Strikingly, inter-Jewish relations may be turning a notable corner under the smoke. On Saturday evening, the aged spiritual leader of the ultra-orthodox Shas party, Rabbi Ovadia Yossef, uttered one of his serial quasi-enigmatic hostilities against secular Jews. "Fire takes hold," he told his faithful, "only where the Sabbath is desecrated." The ensuing uproar is enormous. Shas is a major coalition partner. The rabbi's obedient protégé Eli Yishai, the internal affairs minister in Netanyahu's government, is directly responsible for the fire services. To be sure, cumulative fault for underfunding and malfunction lies with previous governments, and many fingers now point at the suave and stingy "treasury boys" at the ministry of finance. But Yishai is today one of Israel's most disliked politicians. His current mumblings—"I did send letters of warning," "I can explain it all to an investigation committee"—ring just as bad as Rabbi Yossef's unkind spirituality.

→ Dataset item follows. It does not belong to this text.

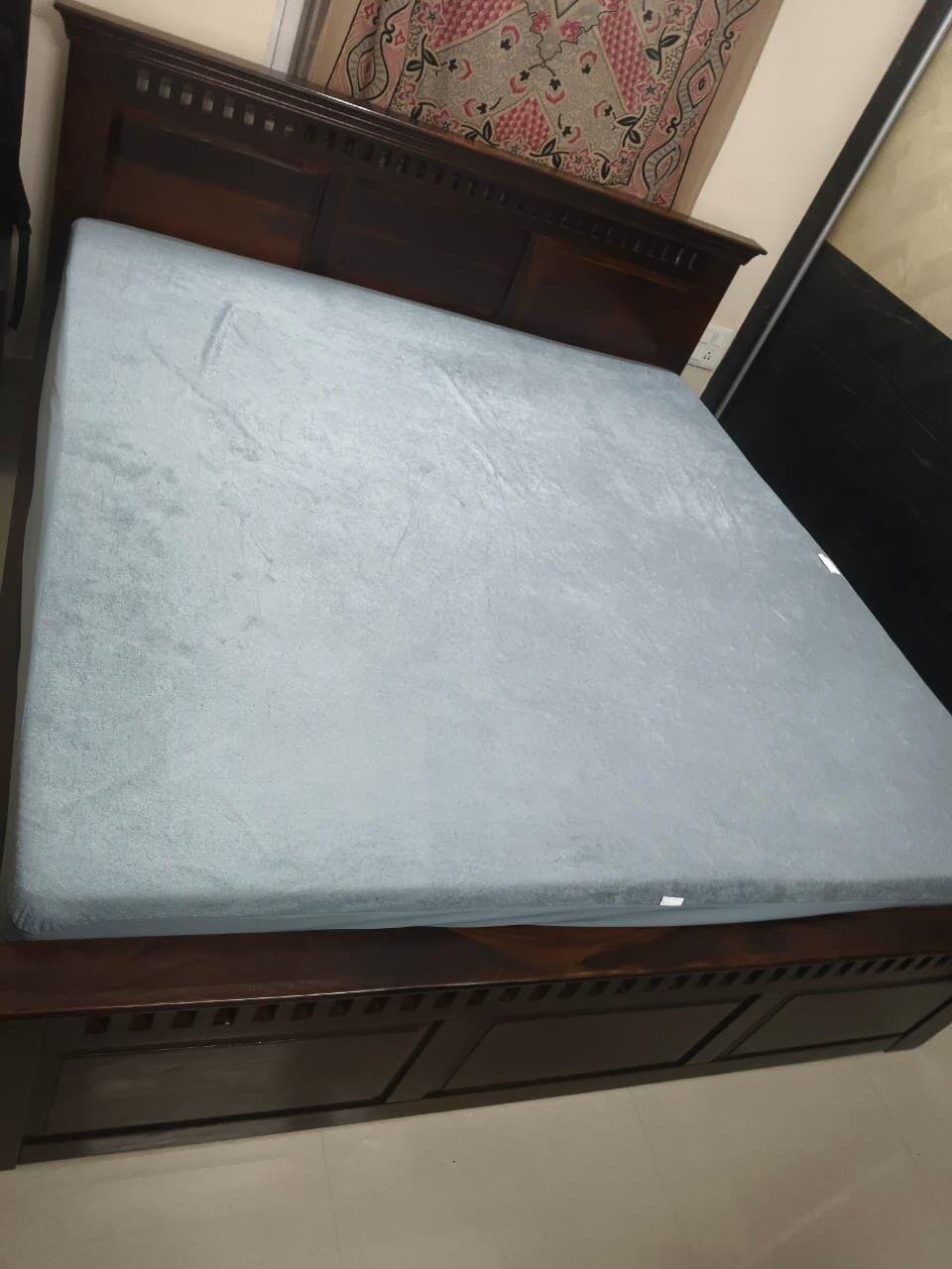 This king-size bed embodies modern luxury with its elegant wooden finish and refined design. Featuring a high-quality hydraulic storage system that lifts effortlessly to reveal ample space, it perfectly blends spacious comfort, contemporary style, and exceptional functionality.

As I reach my final paragraphs, the fire is probably almost subdued: as probably as fires allow. Like most dark clouds, ours has a silver lining. The Carmel blaze was a failed test, both horrible and useful. It showed the weakness of our executive's high and middle echelons, where warnings were rife but performance poor. It proved a clear continuum between civil safety and military prowess. It suggested a new algorithm for Israel: Get better officials, and you'll need fewer heroes.

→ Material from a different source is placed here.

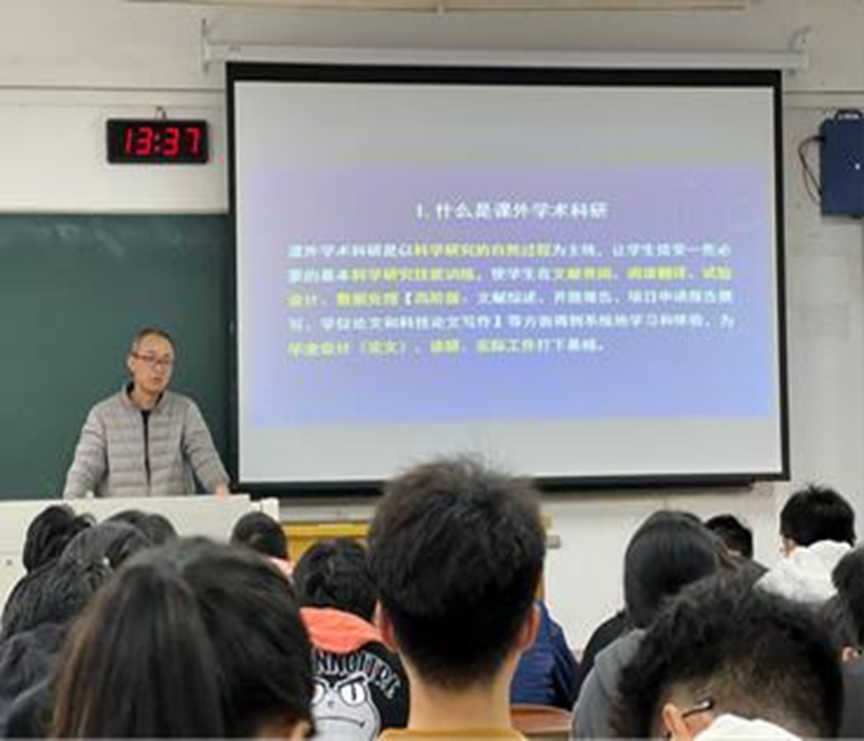 讲座中,陈明明老师首先从当前社会实际出发,分析了社会对复合人才需求的原因,表示满足社会需求的复合人才应该具备解决问题能力、创新创业能力等各方面的综合素质。然后,陈老师详细介绍了大学生参与课外学术科研活动的过程及其对学生的分析和解决问题、思维开拓、创新能力等能力培养的促进作用。最后,陈老师殷切希望同学们能够开阔视野,积极进取,顺时发展,不断提升自己的创新创业能力与解决实际问题的能力,成长为符合社会需求的高层次人才。

Disasters energize the Israelis, bring out the best and the worst in us. We are quick to blame, quick to help and sympathize, quick to question conventions and seek novel solutions. The Carmel fire may yet strengthen civil society and government, dissipate distrust in the "World," and shed humane light on the Palestinian Authority. It can resuscitate Israel's signature communal responsibility and its secular and pragmatic self-reliance, balanced by a new and refreshing humility: Remember the day we asked the Azeris for help?
Capping it all is the Jewish-Greek irony, a sensational turning of historical tables. Hanukkah’s festive candelabra commemorates a little oil lamp that burned for eight days, after Antiochus IV's Seleucid-Hellenic troops sacked the Jewish temple and the Maccabees won it back. Twenty-three centuries later, this Hanukkah, Greek firefighter pilots are deftly navigating their airplanes though mountain and forest to save Israeli lives. This, like so many other aspects of the unwarranted blaze, is tragic, but also very beautiful.
Fania Oz-Salzberger is an Israeli writer and historian, professor at the University of Haifa and Leon Liberman Chair in Modern Israel Studies at Monash University. She is the author of Israelis in Berlin (2001) and has published numerous academic and opinion articles.